How to measure and market your impact ft. Angie Cirone and Anjanette Delgado
A LION conversation about telling your newsroom’s story, hosted by Outlier Media executive director Candice Fortman.
News organizations sometimes get so busy doing the work that they forget to track their impact or tell their story to stakeholders, including the people most likely to support them financially.
In this episode of News Guest, you’ll learn why and how you can make time for this important work with insights and advice from:
- Angie Cirone, former director of journalism sustainability at Richland Source, a LION member in northern Ohio
- Anjanette Delgado, executive editor of the Detroit Free Press and contributor to the Media Impact Project at the University of Southern California
Here are a few excerpts from the conversation with Angie and Anjanette, lightly edited for brevity and clarity:
On how to define ‘impact’ for your team:
Anjanette Delgado: It might be something that only affects one or two people, it might be a policy change that affects the entire state, or it might mean that someone else picked up your story and ran with it. Whatever it is, people on your team should understand what ‘impact’ means to your organization.

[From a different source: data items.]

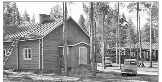
Vuornoskankaan metsäkämpät 1960-luku.
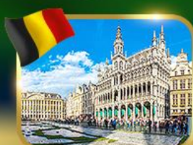
จัตุรัสกรอนด์ ปลาซ บรัสเซลส์
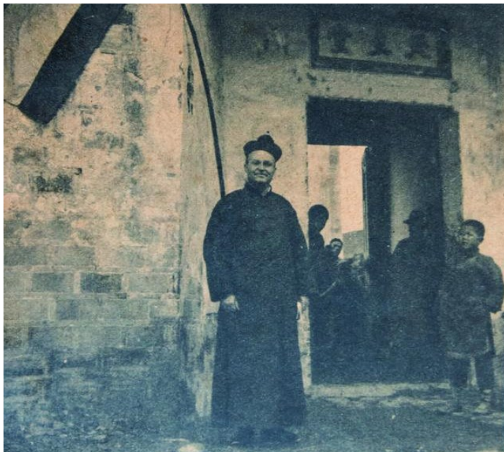
◀ 郎溪天主教堂(左一为西班牙传教士)
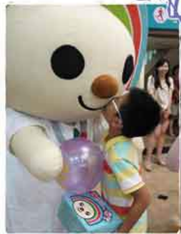
OPEN 小將贈禮物盒為心弟弟加油打氣，讓他超級開心忍不住獻吻

剛上小學的自閉童「心弟弟」，終於一圓心願，和偶像 OPEN 小將近距離互動遊戲和愛的抱抱，這也是雲林天主教若瑟醫院與好鄰居基金會合作舉辦的「OPEN! Cares 健康打氣站」全國巡迴關懷活動第八站的一段小插曲。當心弟弟第一眼看到 OPEN 小將時，興奮之情全部寫在臉上，又笑又跳的他忍不住上前與 OPEN 小將玩起「愛的抱抱」！OPEN 小將也特別為心弟弟加油打氣。心弟弟的爸爸分享 OPEN 小將是心弟弟封閉心靈的重要對外溝通管道，也是帶領心弟弟漸漸走出內心世界、接受外界刺激的媒介。這一路看著心弟弟表達能力的進步、學會用繪畫表達內心想法，一張張以 OPEN 小將為主角的圖畫作品，還曾為他取得全國兒童繪畫比賽小學低年級組第一名的殊榮，心爸爸為孩子感到驕傲，也希望他們的故事能夠鼓舞現場所有的家長與孩子。

On how to create systems that support regular impact tracking:
Anjanette: You can use something as simple as a Google Form that dumps the information back into a spreadsheet, or Julie Christie from Resolve Philly has this wonderful Airtable solution. I think the really important thing is to figure out how to tie this to your metrics, because if you’re not looking at these impacts alongside pageviews or subscription conversions or whatever it is that matters to your newsroom, then it’s going to be siloed off to the side, and your staff is going to know it’s not the thing that really matters.
Angie Cirone: The friendly reminders to track impact are important – using weekly meetings and one-on-one conversations to remind people of why we do what we do and how they play a crucial role.
On how impact tracking can contribute to fundraising:
Angie: We put together an impact report annually and we send it to our corporate partners and prospects. We then set appointments to review the report with them and talk about the highlights, and that is really our case for support. We’re able to list out our corporate sponsorship levels and invite people to partner with us, and we also take parts of our impact report and break it into email campaigns.
On how reporters can contribute to a fundraising campaign:
Angie: We asked reporters last year to write an email in their own voice that could be sent to their personal networks and our full contact list. Those emails performed better than the ones coming from the brand. One reporter said he would eat a raccoon at the Raccoon Festival if we reached our member goal. Another said he would jump in the freezing lake for the Polar Bear Dip if we reached it. That made the campaign fun and engaging for the readers, and they appreciated that the reporters were putting something on the line.
On tracking impact in a small newsroom:
Anjanette: Track impact using the tools you already use, and just make it simple. Maybe you don’t publish a 45-item report, but you do a column or a story about your impact. It’s a chance to talk to your readers about the importance of your work.